We had been talking about the masters who had achieved but a single masterpiece—the artists and poets who but once in their lives had known the divine afflatus and touched the high level of perfection. Our host had been showing us a charming little cabinet picture by a painter whose name we had never heard, and who, after this single spasmodic bid for fame, had apparently relapsed into obscurity and mediocrity. There was some discussion as to the frequency of this phenomenon; during which, I observed, H– sat silent, finishing his cigar with a meditative air, and looking at the picture which was being handed round the table. “I don’t know how common a case it is,” he said at last, “but I have seen it. I have known a poor fellow who painted his one masterpiece, and”—he added with a smile—“he didn’t even paint that. He made his bid for fame and missed it.” We all knew H– for a clever man who had seen much of men and manners, and had a great stock of reminiscences. Some one immediately questioned him further, and while I was engrossed with the raptures of my neighbour over the little picture, he was induced to tell his tale.
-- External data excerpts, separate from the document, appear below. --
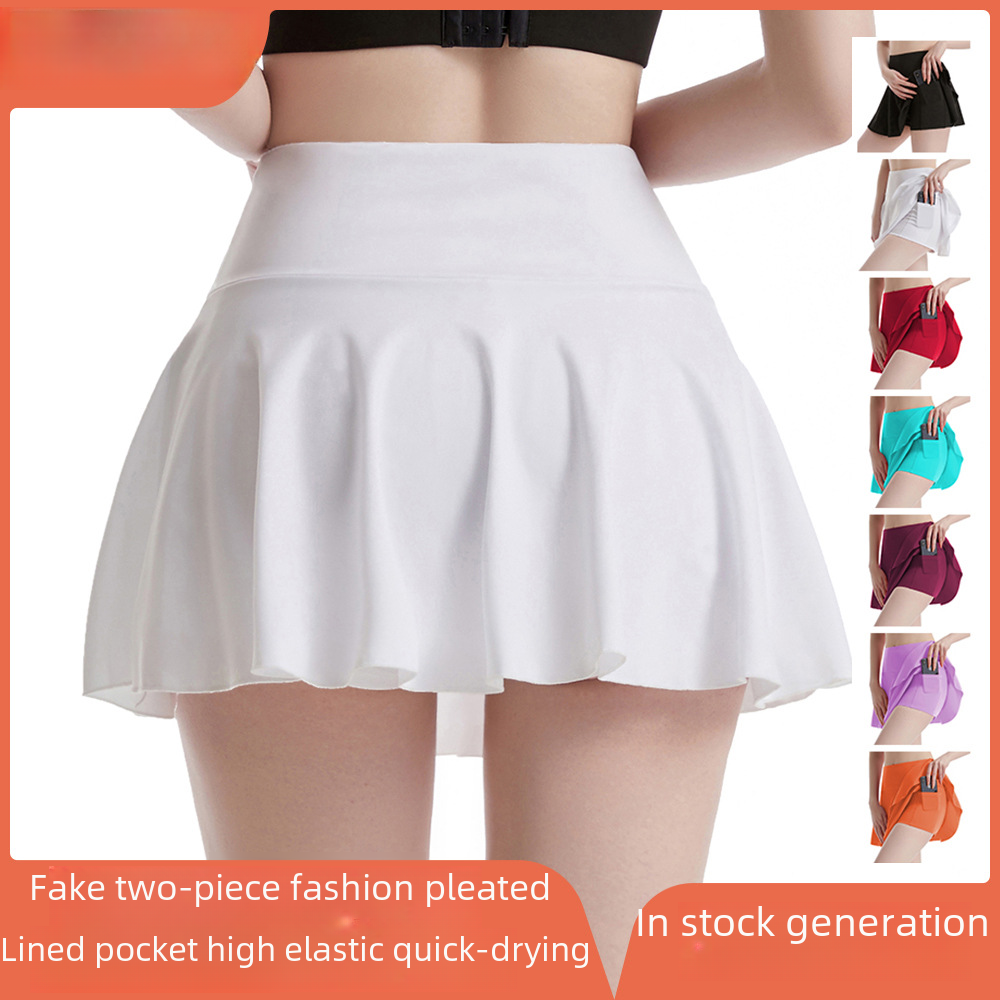 Cross Border Pleated Yoga Skirt Women’s Summer High Waist Naked Sports Skirt Running Training Quick Dry Tennis Skirt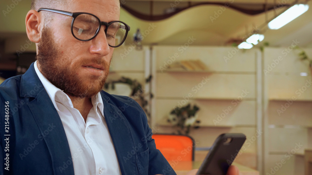 Obraz na plátně entrepreneur scrolling touch screen on cellular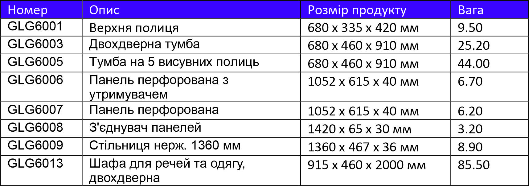 Модульний набір меблів для обладнання майстерень GLG6000E

If I were to doubt whether it would bear repeating, I should only have to remember how that charming woman, our hostess, who had left the table, ventured back in rustling rose-colour to pronounce our lingering a want of gallantry, and, finding us a listening circle, sank into her chair in spite of our cigars, and heard the story out so graciously that, when the catastrophe was reached, she glanced across at me and showed me a tear in each of her beautiful eyes.
It relates to my youth, and to Italy: two fine things! (H– began). I had arrived late in the evening at Florence, and while I finished my bottle of wine at supper, had fancied that, tired traveller though I was, I might pay the city a finer compliment than by going vulgarly to bed. A narrow passage wandered darkly away out of the little square before my hotel, and looked as if it bored into the heart of Florence. I followed it, and at the end of ten minutes emerged upon a great piazza, filled only with the mild autumn moonlight. Opposite rose the Palazzo Vecchio, like some huge civic fortress, with the great bell-tower springing from its embattled verge as a mountain-pine from the edge of a cliff. At its base, in its projected shadow, gleamed certain dim sculptures which I wonderingly approached. One of the images, on the left of the palace door, was a magnificent colossus, shining through the dusky air like a sentinel who has taken the alarm. In a moment I recognised him as Michael Angelo’s David. I turned with a certain relief from his sinister strength to a slender figure in bronze, stationed beneath the high light loggia, which opposes the free and elegant span of its arches to the dead masonry of the palace; a figure supremely shapely and graceful; gentle, almost, in spite of his holding out with his light nervous arm the snaky head of the slaughtered Gorgon. His name is Perseus, and you may read his story, not in the Greek mythology, but in the memoirs of Benvenuto Cellini. Glancing from one of these fine fellows to the other, I probably uttered some irrepressible commonplace of praise, for, as if provoked by my voice, a man rose from the steps of the loggia, where he had been sitting in the shadow, and addressed me in good English—a small, slim personage, clad in a sort of black velvet tunic (as it seemed), and with a mass of auburn hair, which gleamed in the moonlight, escaping from a little mediæval birretta. In a tone of the most insinuating deference he asked me for my “impressions.” He seemed picturesque, fantastic, slightly unreal. Hovering there in this consecrated neighbourhood, he might have passed for the genius of æsthetic hospitality—if the genius of æsthetic hospitality were not commonly some shabby little custode, flourishing a calico pocket-handkerchief and openly resentful of the divided franc. This analogy was made none the less complete by the brilliant tirade with which he greeted my embarrassed silence.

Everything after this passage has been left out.